- _Exercise directions_
Write the full listing out again, word for word, but omit the pictures.

- _Source data_

|---|

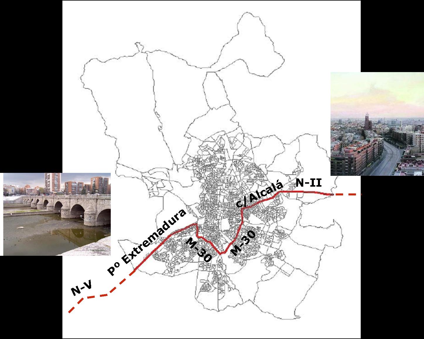 […] por el recorrido sur de la M-30 y sale por el oeste por la calle de Alcalá y la nacional II (ver “La linea de la pobreza”). Los barrios al sur de esa linea tienen peores indicadores socio-sanitarios, que los del norte, […]
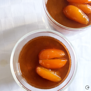 - In a pan, dissolve the sugar in the water and add the kumquat quarters. Simmer on low heat and boil the liquid to a thick syrup. Set aside to cool.
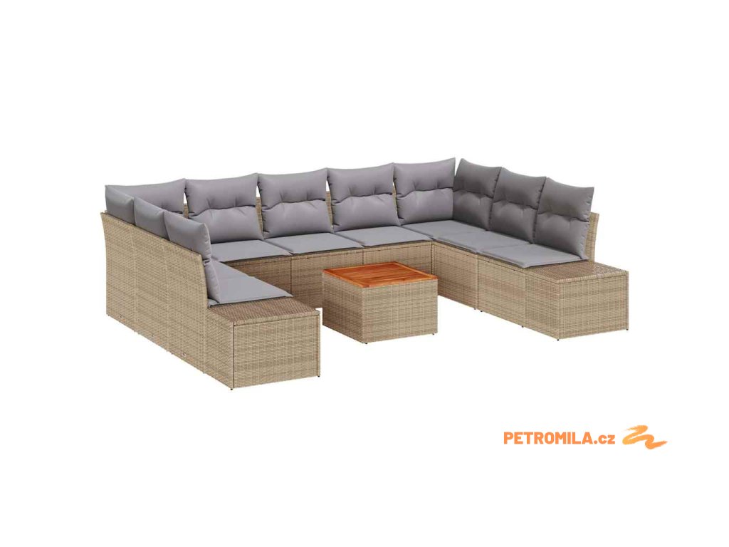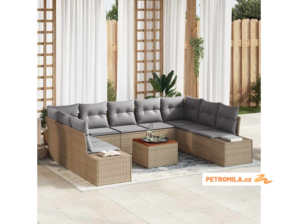 Sada zahradních pohovek s polštářem 10 pcs Béžová polyratan
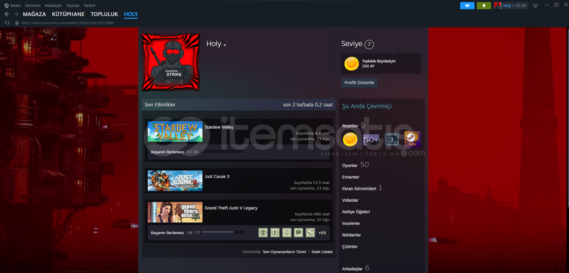 ⭐$142 Dolar Değerinde Steam Hesabım⭐

|---|

- _Answer to this problem_
 […] por el recorrido sur de la M-30 y sale por el oeste por la calle de Alcalá y la nacional II (ver “La linea de la pobreza”). Los barrios al sur de esa linea tienen peores indicadores socio-sanitarios, que los del norte, […]
 - In a pan, dissolve the sugar in the water and add the kumquat quarters. Simmer on low heat and boil the liquid to a thick syrup. Set aside to cool.
 Sada zahradních pohovek s polštářem 10 pcs Béžová polyratan
 ⭐$142 Dolar Değerinde Steam Hesabım⭐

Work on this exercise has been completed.